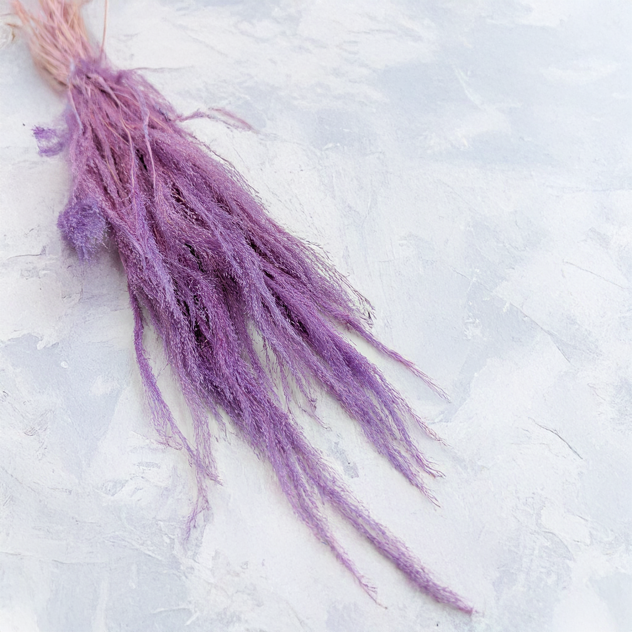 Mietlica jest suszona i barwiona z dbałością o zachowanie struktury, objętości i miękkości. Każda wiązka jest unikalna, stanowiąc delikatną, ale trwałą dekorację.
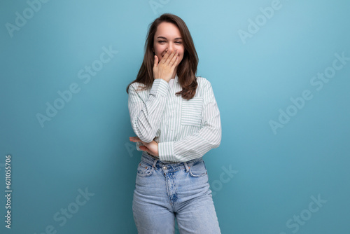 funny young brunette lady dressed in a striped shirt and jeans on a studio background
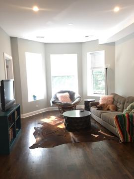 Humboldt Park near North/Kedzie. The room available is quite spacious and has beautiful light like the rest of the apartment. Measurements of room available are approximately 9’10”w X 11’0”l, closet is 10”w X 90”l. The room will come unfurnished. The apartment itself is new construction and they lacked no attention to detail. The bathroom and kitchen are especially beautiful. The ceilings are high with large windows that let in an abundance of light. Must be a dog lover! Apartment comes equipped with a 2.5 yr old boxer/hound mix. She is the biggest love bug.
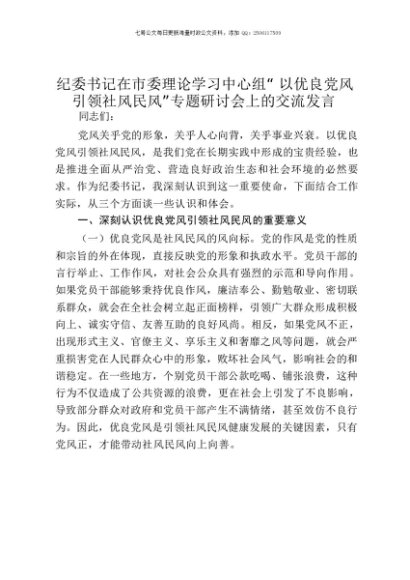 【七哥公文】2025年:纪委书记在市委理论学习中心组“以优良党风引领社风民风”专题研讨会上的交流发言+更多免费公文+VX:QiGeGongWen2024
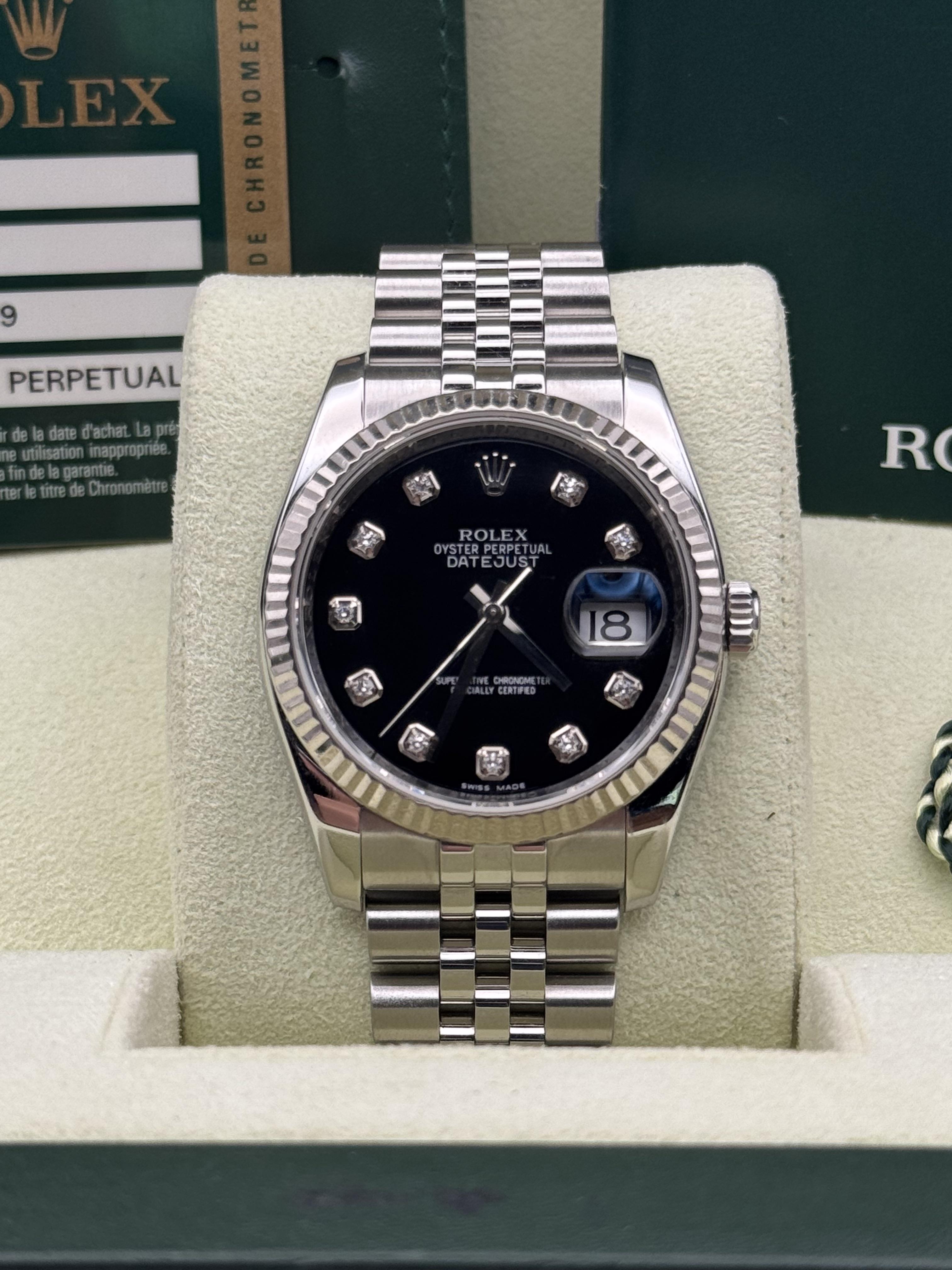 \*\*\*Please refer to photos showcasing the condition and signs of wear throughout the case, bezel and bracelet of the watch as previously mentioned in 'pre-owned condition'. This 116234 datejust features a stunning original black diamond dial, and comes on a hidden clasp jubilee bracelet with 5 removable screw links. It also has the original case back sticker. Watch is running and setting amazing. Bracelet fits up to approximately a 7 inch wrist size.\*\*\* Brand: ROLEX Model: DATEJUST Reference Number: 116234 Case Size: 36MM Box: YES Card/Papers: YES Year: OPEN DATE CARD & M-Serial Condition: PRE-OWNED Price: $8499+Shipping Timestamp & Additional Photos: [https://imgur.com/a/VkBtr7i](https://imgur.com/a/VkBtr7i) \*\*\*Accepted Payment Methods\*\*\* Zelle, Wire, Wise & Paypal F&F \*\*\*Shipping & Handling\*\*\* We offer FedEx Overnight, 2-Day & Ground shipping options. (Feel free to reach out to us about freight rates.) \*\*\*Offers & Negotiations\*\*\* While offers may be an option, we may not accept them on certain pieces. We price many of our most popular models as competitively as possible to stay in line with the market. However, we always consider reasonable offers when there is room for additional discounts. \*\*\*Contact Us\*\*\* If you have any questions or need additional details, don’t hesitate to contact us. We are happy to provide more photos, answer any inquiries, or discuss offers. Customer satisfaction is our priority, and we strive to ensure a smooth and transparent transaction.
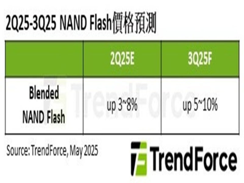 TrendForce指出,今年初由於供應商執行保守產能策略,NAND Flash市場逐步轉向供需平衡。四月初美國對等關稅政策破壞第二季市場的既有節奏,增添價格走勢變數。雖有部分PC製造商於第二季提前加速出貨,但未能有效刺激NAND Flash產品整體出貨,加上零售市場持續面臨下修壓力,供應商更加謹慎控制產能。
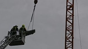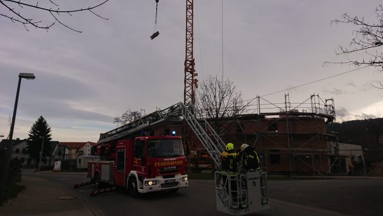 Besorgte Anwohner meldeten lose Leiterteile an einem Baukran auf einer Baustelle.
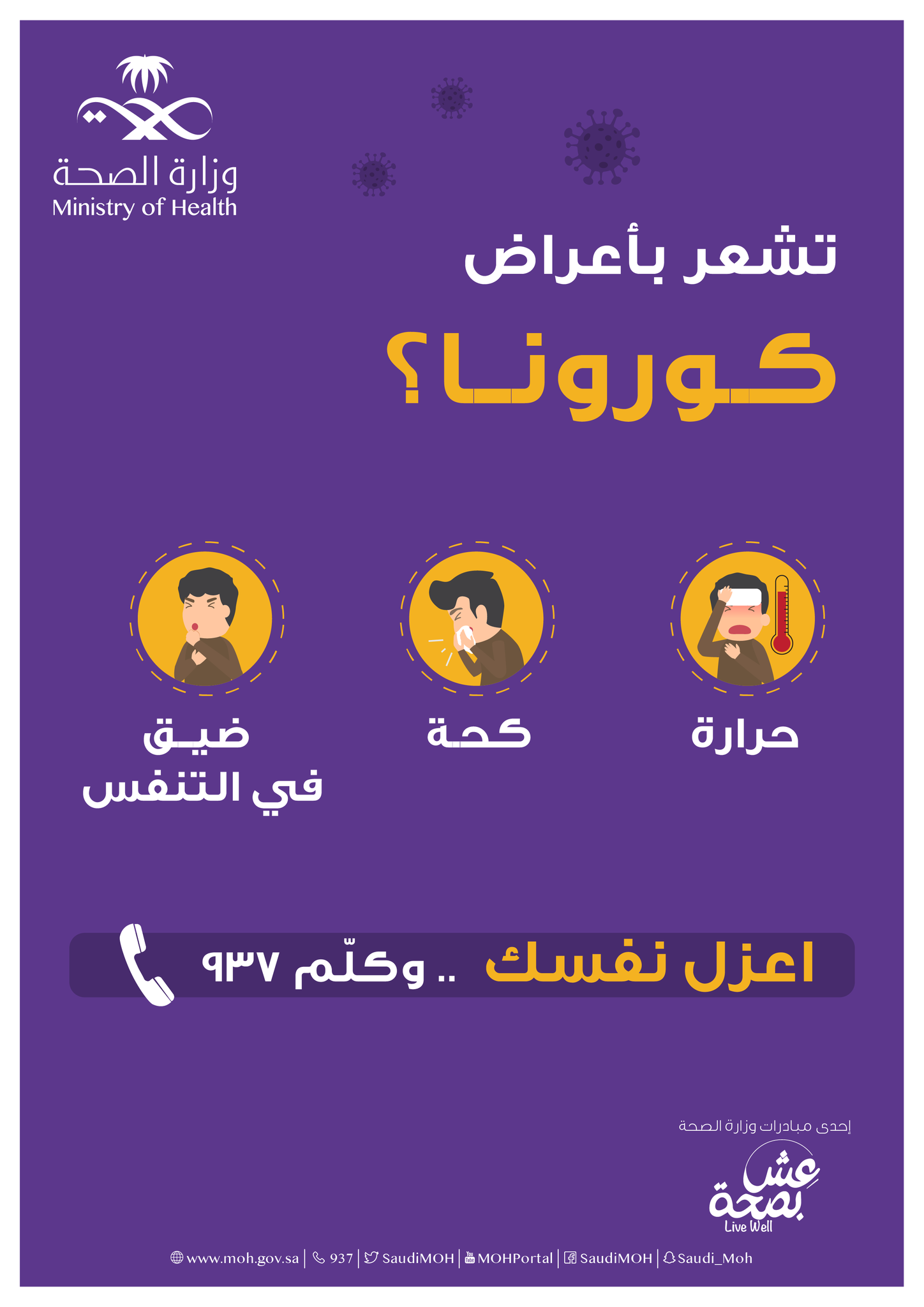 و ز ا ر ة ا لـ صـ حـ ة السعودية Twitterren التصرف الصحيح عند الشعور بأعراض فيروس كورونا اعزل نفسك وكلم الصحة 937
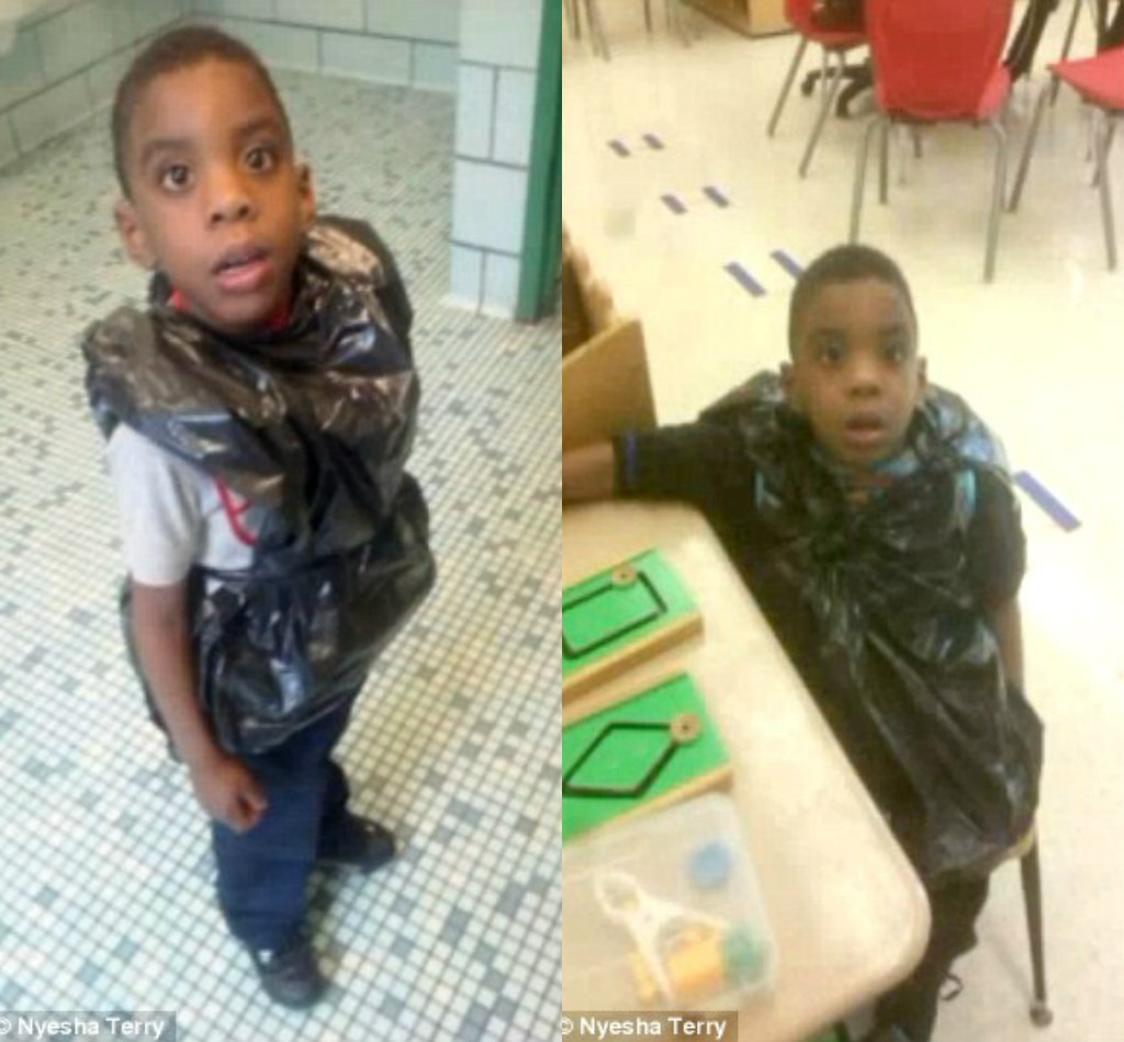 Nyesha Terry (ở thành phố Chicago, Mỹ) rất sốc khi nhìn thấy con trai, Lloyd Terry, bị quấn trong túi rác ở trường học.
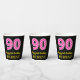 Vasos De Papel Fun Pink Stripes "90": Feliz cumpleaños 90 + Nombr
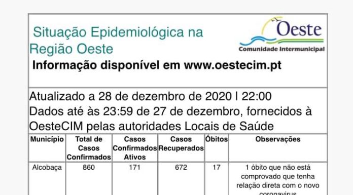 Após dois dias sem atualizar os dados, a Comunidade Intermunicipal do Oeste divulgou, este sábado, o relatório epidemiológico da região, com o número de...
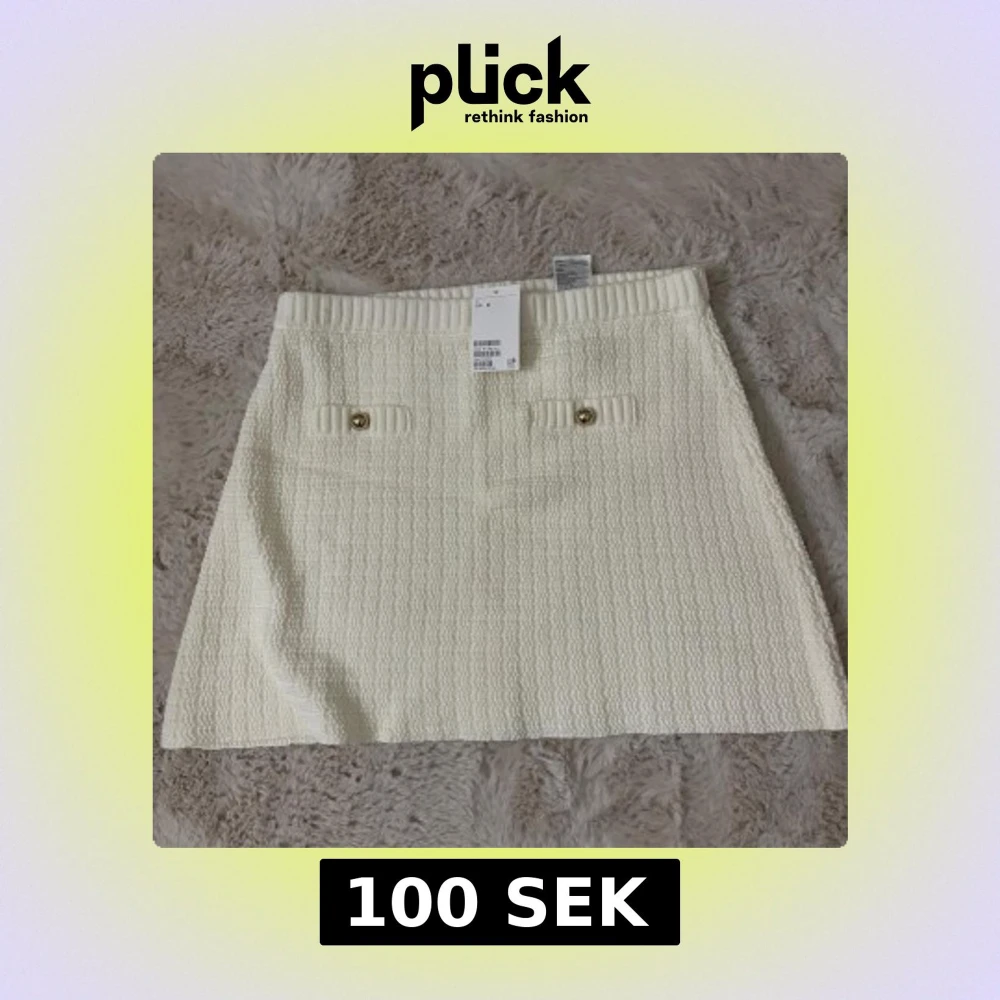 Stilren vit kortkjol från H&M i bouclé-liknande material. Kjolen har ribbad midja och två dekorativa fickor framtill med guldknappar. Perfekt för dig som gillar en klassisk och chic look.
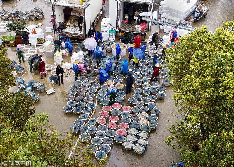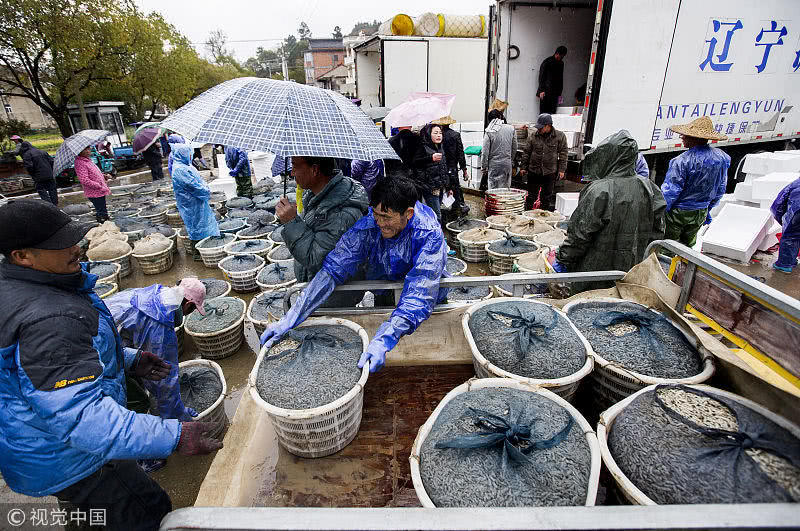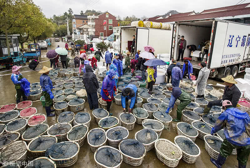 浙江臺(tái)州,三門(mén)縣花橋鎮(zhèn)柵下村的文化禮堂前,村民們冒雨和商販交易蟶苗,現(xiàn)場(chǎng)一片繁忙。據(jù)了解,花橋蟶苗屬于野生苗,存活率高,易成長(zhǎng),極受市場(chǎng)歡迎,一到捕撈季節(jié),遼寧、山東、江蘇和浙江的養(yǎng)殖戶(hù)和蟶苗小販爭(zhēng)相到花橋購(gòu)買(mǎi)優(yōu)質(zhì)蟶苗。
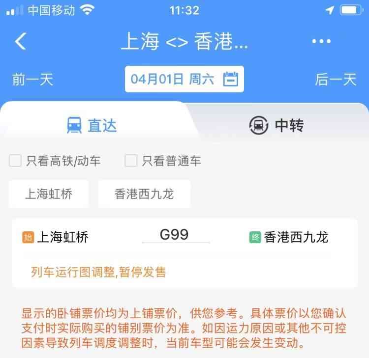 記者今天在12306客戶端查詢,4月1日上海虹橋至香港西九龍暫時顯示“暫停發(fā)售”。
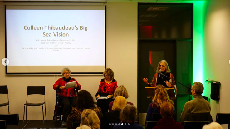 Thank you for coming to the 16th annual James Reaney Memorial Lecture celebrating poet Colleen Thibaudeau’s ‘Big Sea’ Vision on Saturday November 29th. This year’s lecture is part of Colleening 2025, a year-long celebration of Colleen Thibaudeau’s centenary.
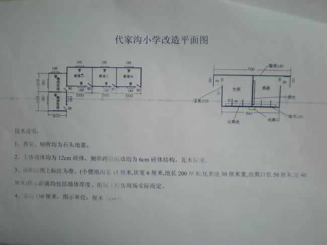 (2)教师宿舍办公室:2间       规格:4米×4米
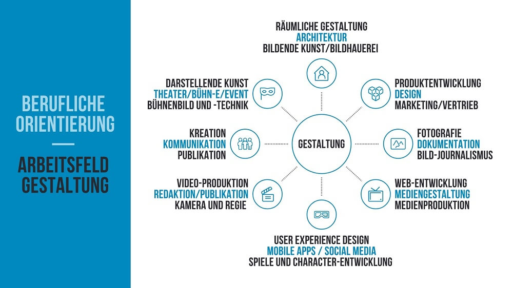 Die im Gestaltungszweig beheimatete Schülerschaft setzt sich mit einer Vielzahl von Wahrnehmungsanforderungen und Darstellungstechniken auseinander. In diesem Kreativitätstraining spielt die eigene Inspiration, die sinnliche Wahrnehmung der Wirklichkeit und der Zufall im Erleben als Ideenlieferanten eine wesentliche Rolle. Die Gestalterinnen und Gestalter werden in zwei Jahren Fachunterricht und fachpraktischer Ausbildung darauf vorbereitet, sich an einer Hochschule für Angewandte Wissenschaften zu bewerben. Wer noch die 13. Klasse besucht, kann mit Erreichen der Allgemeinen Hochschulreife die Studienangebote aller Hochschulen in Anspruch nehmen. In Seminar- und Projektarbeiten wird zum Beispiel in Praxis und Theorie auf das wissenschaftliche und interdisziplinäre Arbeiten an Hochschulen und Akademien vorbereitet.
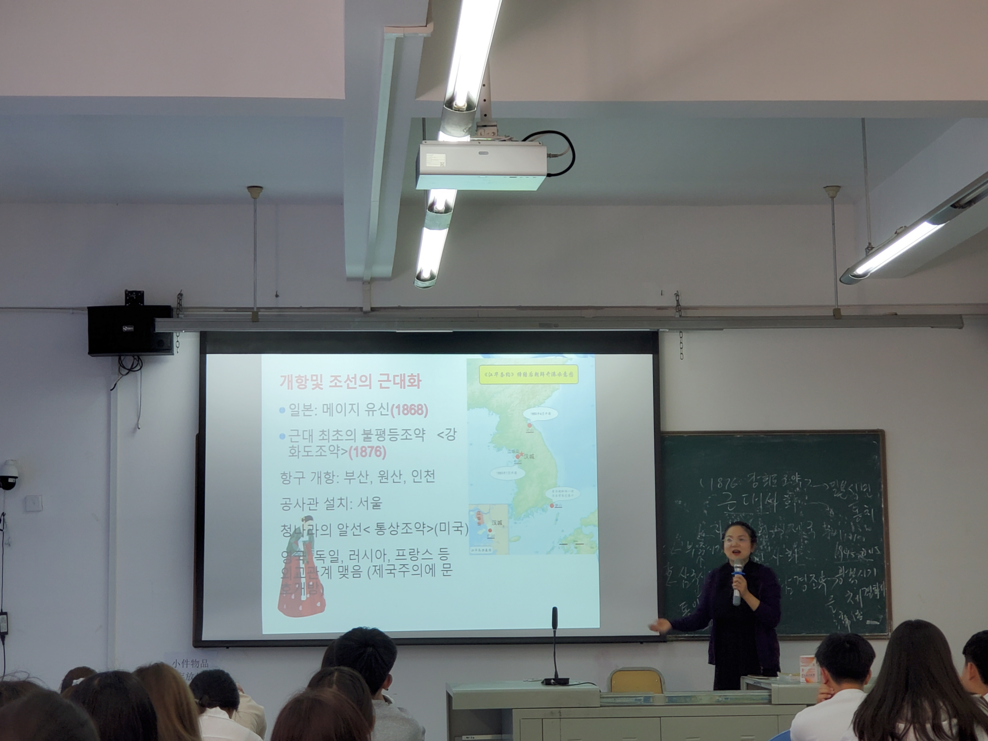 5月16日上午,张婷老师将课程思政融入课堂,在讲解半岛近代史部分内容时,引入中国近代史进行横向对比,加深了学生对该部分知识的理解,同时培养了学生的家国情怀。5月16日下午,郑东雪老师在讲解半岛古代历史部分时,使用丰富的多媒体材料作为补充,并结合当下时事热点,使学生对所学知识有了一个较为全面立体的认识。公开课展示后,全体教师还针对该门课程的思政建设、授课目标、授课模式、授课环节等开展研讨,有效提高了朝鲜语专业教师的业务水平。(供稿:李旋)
───
YOUR INSTRUCTIONS –
Reproduce the data above line for line, from its first line through the line containing "funny young brunette", both ends included, with the pictures omitted and nothing more.

EXERCISE RESPONSE –
 Mietlica jest suszona i barwiona z dbałością o zachowanie struktury, objętości i miękkości. Każda wiązka jest unikalna, stanowiąc delikatną, ale trwałą dekorację.
 funny young brunette lady dressed in a striped shirt and jeans on a studio background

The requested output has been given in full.